*Provided records*
# # #
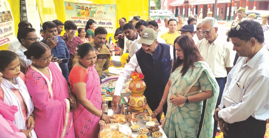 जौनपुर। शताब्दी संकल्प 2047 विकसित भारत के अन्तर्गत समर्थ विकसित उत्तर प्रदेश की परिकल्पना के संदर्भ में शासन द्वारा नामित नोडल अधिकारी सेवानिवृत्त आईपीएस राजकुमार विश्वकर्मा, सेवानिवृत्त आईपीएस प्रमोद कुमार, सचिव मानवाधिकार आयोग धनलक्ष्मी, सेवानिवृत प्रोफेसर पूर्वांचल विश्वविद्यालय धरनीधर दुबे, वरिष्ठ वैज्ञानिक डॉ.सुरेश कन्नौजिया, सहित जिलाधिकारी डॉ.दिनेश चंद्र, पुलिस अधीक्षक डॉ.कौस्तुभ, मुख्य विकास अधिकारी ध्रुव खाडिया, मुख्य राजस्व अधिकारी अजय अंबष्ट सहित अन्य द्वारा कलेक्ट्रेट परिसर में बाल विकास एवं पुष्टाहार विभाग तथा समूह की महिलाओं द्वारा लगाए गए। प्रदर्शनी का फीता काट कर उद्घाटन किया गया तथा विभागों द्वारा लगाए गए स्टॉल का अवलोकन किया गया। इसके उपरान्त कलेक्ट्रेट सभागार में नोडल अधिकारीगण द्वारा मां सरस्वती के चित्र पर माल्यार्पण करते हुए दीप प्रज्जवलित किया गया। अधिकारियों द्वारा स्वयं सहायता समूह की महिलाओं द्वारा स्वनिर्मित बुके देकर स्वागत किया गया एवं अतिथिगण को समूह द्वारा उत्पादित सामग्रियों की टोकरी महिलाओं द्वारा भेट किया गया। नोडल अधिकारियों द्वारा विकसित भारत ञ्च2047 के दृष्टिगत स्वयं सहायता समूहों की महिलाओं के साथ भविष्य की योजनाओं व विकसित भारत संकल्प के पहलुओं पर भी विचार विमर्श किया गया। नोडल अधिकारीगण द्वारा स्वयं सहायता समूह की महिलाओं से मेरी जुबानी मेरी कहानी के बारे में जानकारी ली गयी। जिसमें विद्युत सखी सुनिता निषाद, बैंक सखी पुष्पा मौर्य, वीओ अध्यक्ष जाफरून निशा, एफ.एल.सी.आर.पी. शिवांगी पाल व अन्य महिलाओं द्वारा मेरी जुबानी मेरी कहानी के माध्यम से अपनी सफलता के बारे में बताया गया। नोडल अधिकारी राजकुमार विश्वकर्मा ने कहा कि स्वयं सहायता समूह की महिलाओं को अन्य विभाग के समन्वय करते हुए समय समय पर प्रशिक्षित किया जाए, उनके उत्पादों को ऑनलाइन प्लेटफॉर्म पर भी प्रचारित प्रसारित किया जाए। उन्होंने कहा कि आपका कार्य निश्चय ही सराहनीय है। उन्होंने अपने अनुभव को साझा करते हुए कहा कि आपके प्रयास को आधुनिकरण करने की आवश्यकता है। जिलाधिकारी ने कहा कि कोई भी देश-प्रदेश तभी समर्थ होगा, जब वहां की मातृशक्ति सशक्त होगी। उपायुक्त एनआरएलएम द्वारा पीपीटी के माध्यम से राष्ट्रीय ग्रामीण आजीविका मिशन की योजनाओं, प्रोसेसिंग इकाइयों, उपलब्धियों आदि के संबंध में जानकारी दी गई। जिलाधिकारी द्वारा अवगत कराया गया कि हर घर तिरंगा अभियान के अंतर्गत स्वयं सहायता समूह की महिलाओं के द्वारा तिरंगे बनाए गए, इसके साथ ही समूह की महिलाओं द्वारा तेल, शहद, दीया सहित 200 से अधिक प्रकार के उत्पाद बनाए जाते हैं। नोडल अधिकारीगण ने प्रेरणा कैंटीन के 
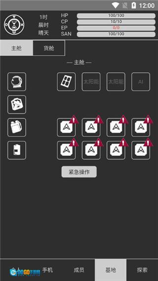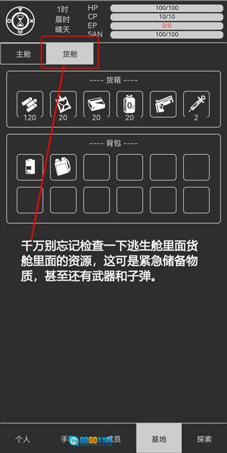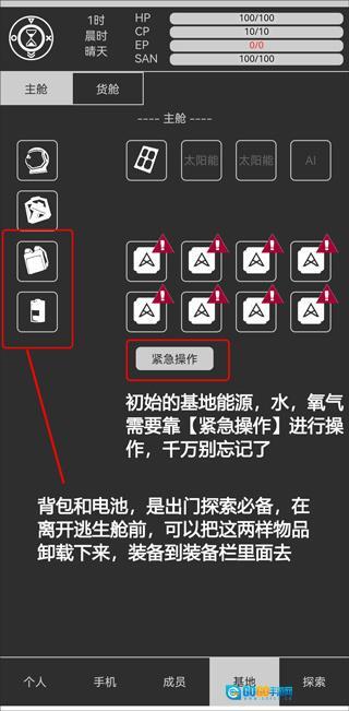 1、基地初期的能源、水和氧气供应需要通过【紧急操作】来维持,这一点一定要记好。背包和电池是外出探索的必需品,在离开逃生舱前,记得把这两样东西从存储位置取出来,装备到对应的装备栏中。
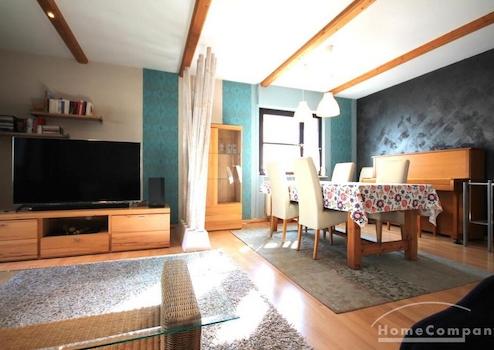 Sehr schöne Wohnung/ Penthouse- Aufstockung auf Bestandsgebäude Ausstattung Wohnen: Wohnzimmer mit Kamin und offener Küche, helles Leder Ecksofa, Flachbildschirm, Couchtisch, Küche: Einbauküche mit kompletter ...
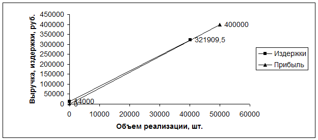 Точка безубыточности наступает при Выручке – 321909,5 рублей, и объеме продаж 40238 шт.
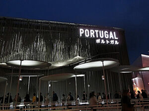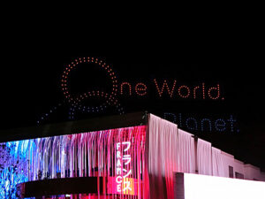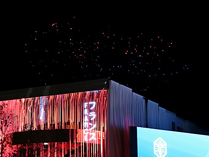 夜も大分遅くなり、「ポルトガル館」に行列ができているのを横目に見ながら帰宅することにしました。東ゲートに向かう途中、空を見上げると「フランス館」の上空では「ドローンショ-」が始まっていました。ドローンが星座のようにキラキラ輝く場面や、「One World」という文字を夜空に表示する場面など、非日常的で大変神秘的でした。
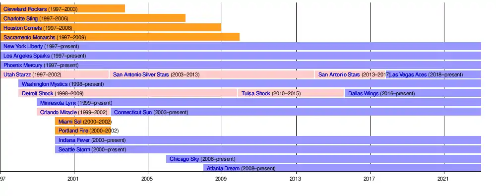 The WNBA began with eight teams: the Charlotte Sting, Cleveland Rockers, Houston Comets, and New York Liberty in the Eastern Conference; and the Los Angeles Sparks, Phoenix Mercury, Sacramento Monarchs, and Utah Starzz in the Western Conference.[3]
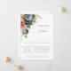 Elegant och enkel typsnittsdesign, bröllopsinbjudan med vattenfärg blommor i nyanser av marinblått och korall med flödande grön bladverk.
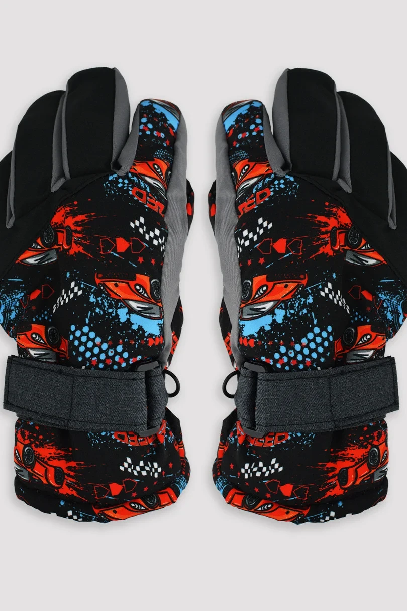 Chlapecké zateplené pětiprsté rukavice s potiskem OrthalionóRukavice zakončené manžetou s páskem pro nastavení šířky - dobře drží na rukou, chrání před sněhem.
# # #
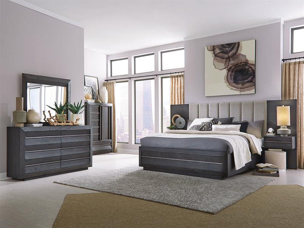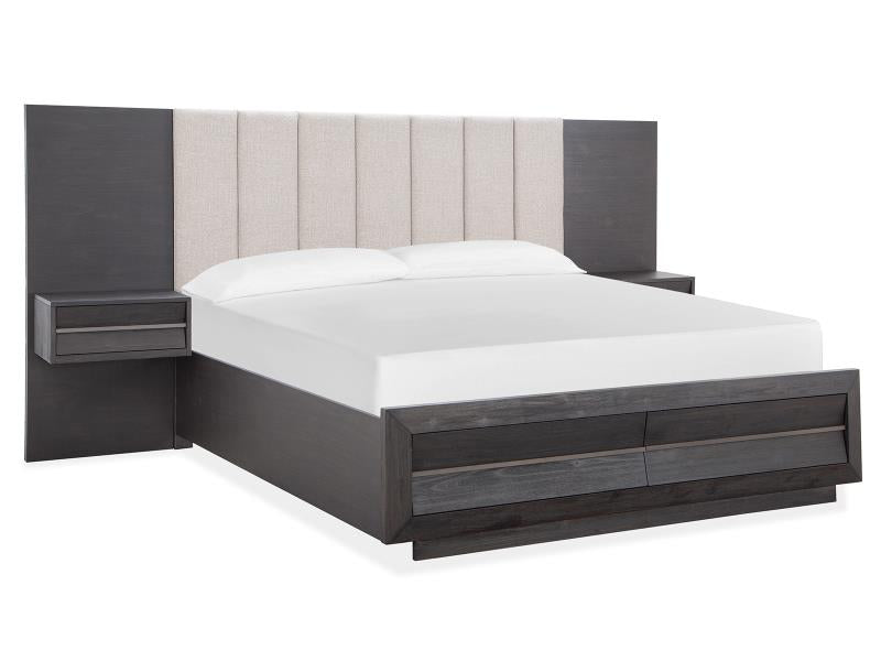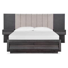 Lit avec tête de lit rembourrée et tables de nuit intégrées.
# # #
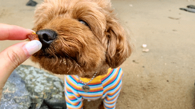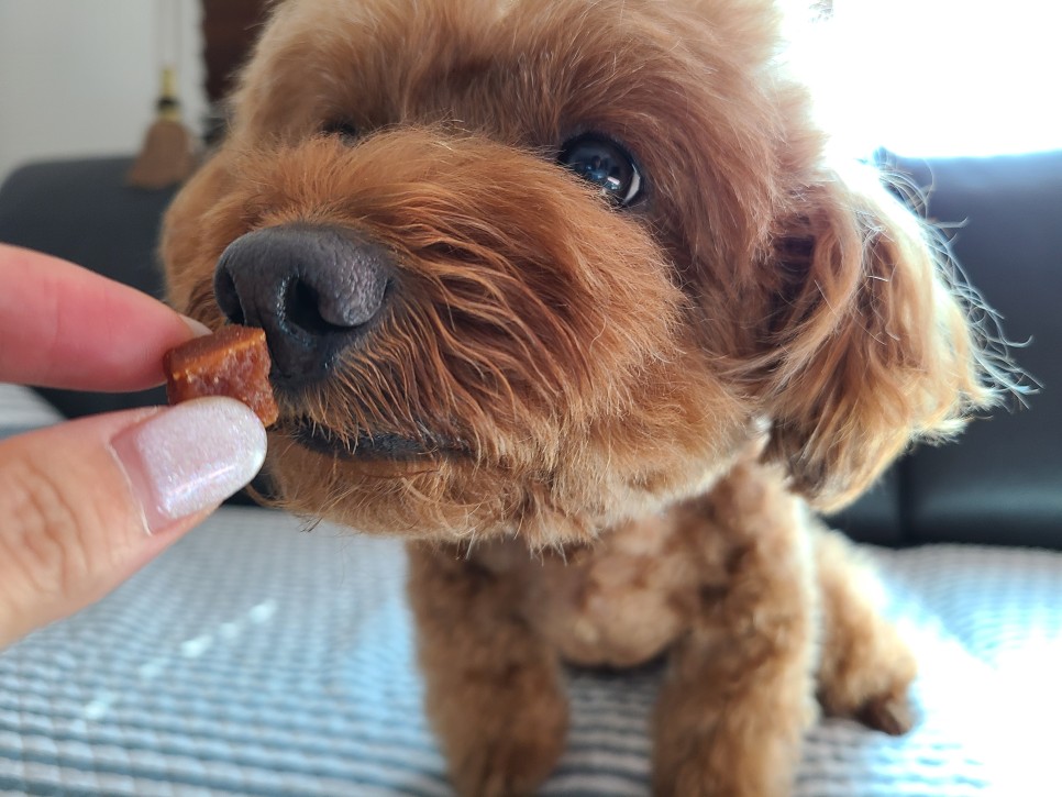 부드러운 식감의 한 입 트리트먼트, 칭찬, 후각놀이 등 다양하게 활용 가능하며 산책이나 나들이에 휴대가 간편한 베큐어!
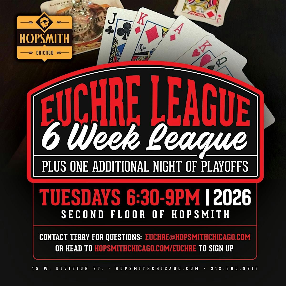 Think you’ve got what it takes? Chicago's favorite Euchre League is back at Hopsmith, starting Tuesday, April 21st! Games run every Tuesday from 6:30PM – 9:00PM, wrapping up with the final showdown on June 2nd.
# # #
What are the lines in the records above, word for word, from the one containing "부드러운 식감의 한 입" through the one containing "Think you’ve got", both ends included and pictures left out?

 부드러운 식감의 한 입 트리트먼트, 칭찬, 후각놀이 등 다양하게 활용 가능하며 산책이나 나들이에 휴대가 간편한 베큐어!
 Think you’ve got what it takes? Chicago's favorite Euchre League is back at Hopsmith, starting Tuesday, April 21st! Games run every Tuesday from 6:30PM – 9:00PM, wrapping up with the final showdown on June 2nd.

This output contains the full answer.